* Materials provided
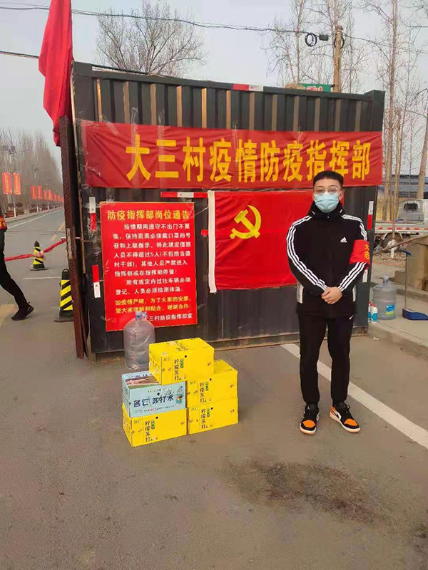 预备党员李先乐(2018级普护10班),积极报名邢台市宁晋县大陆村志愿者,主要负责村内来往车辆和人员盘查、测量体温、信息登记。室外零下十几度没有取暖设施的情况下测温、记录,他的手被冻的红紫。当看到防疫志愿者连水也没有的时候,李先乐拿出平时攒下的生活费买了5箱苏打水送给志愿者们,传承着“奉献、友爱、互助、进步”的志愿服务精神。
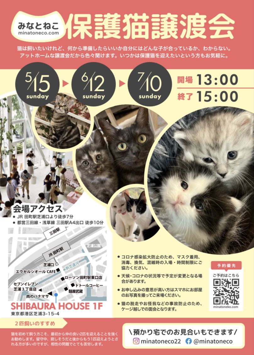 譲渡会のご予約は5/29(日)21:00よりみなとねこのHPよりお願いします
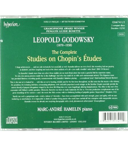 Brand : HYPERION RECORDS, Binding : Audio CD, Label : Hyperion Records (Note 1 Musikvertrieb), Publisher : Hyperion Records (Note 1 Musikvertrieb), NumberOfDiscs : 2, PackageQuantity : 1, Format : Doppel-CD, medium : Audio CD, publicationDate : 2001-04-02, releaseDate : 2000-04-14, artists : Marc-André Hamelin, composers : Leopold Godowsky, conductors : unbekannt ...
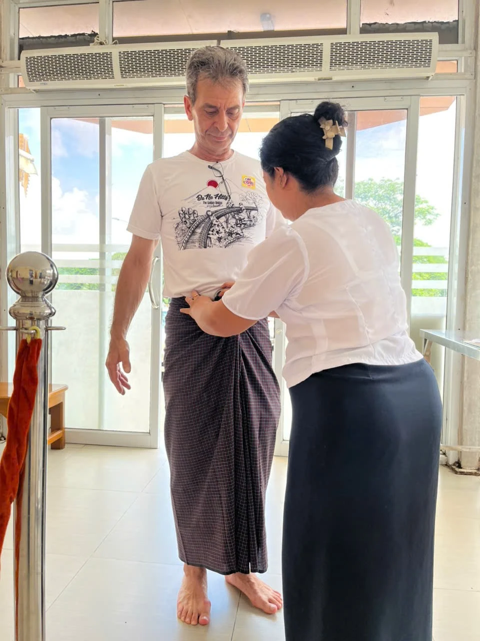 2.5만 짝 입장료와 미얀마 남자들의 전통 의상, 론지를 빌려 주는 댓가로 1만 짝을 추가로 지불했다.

--

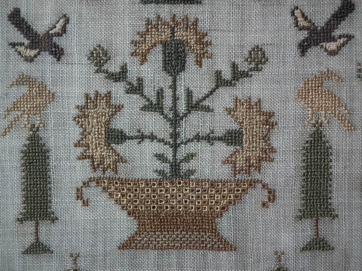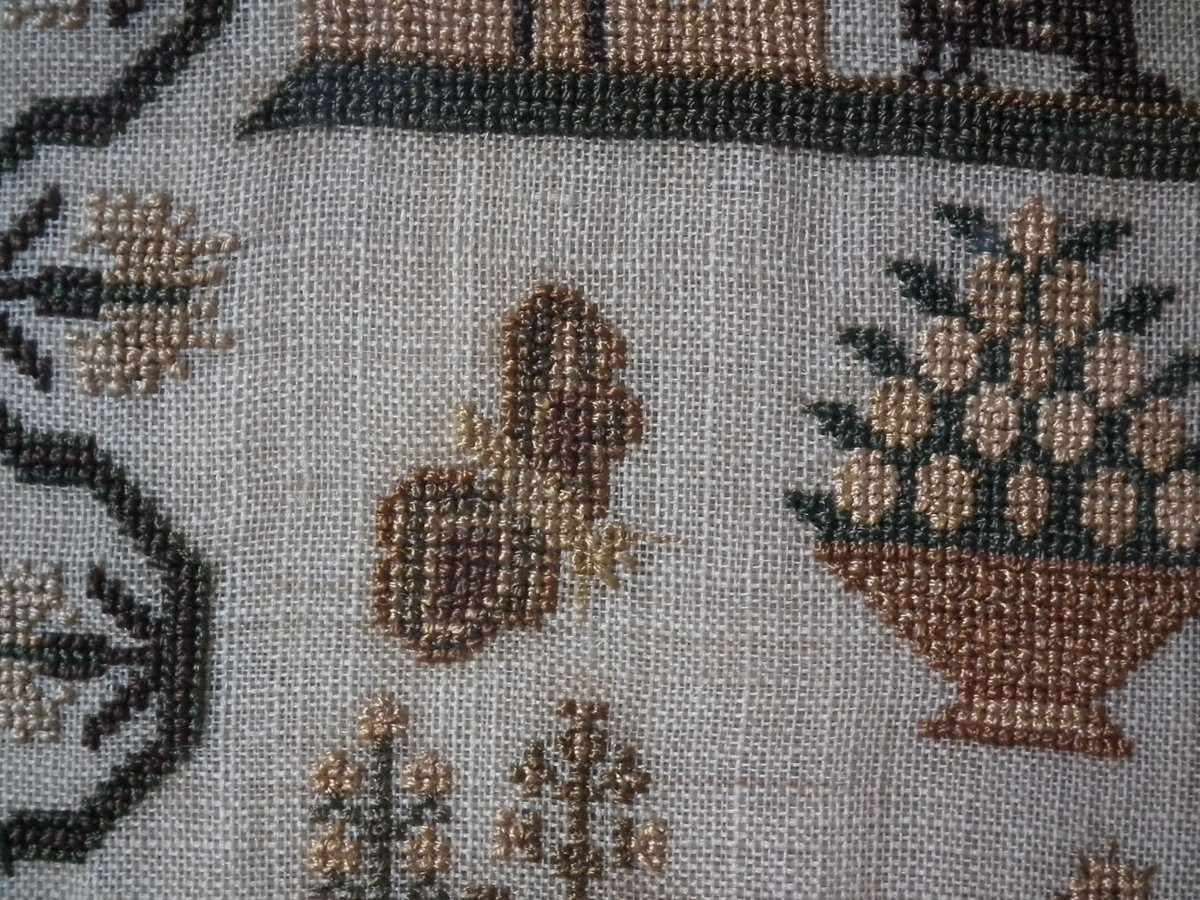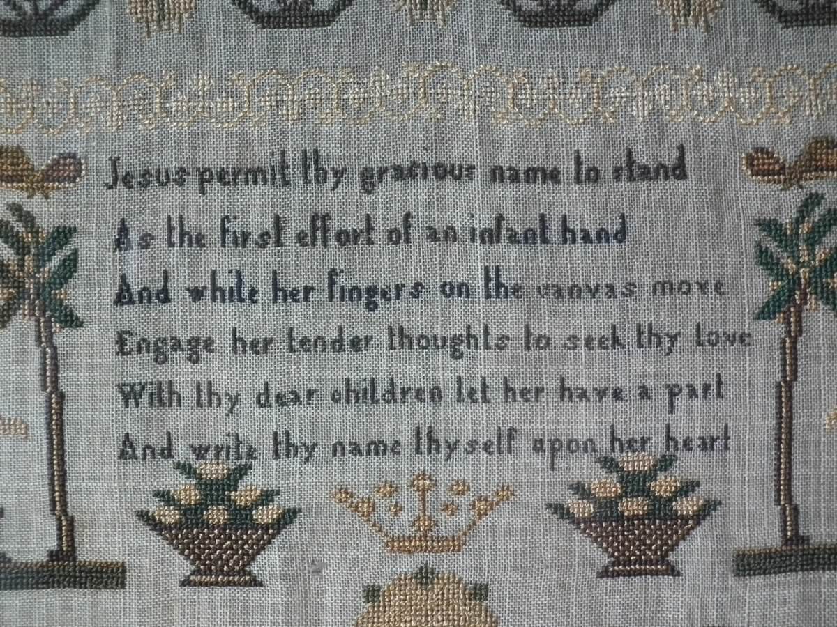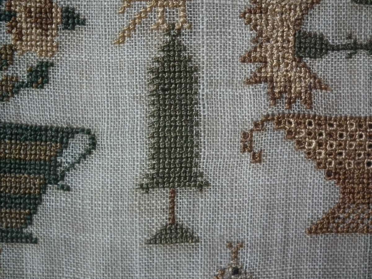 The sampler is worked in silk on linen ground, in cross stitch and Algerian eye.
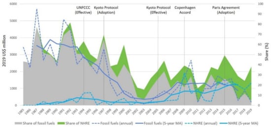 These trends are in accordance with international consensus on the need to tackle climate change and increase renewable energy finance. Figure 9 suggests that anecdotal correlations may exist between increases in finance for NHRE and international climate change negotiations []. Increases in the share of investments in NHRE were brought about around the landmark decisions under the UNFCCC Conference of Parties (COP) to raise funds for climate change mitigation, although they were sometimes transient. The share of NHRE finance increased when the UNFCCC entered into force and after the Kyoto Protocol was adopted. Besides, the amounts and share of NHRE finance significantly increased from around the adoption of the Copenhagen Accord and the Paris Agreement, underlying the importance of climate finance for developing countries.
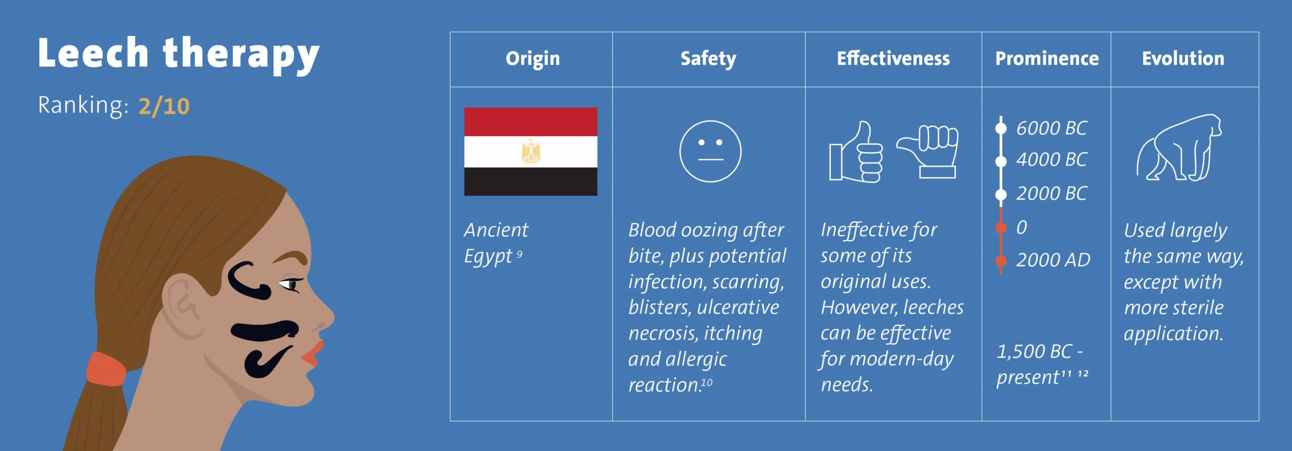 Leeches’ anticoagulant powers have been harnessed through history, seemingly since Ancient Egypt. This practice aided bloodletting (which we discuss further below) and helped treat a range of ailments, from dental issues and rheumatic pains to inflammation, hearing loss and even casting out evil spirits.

* Task objective
From the records above, quote word for word only the lines beginning at the line that has "预备党员李先乐(2018级普" and stopping after the line that has "2.5만 짝 입장료와". Omit the pictures.

* Written response
 预备党员李先乐(2018级普护10班),积极报名邢台市宁晋县大陆村志愿者,主要负责村内来往车辆和人员盘查、测量体温、信息登记。室外零下十几度没有取暖设施的情况下测温、记录,他的手被冻的红紫。当看到防疫志愿者连水也没有的时候,李先乐拿出平时攒下的生活费买了5箱苏打水送给志愿者们,传承着“奉献、友爱、互助、进步”的志愿服务精神。
 譲渡会のご予約は5/29(日)21:00よりみなとねこのHPよりお願いします
 Brand : HYPERION RECORDS, Binding : Audio CD, Label : Hyperion Records (Note 1 Musikvertrieb), Publisher : Hyperion Records (Note 1 Musikvertrieb), NumberOfDiscs : 2, PackageQuantity : 1, Format : Doppel-CD, medium : Audio CD, publicationDate : 2001-04-02, releaseDate : 2000-04-14, artists : Marc-André Hamelin, composers : Leopold Godowsky, conductors : unbekannt ...
 2.5만 짝 입장료와 미얀마 남자들의 전통 의상, 론지를 빌려 주는 댓가로 1만 짝을 추가로 지불했다.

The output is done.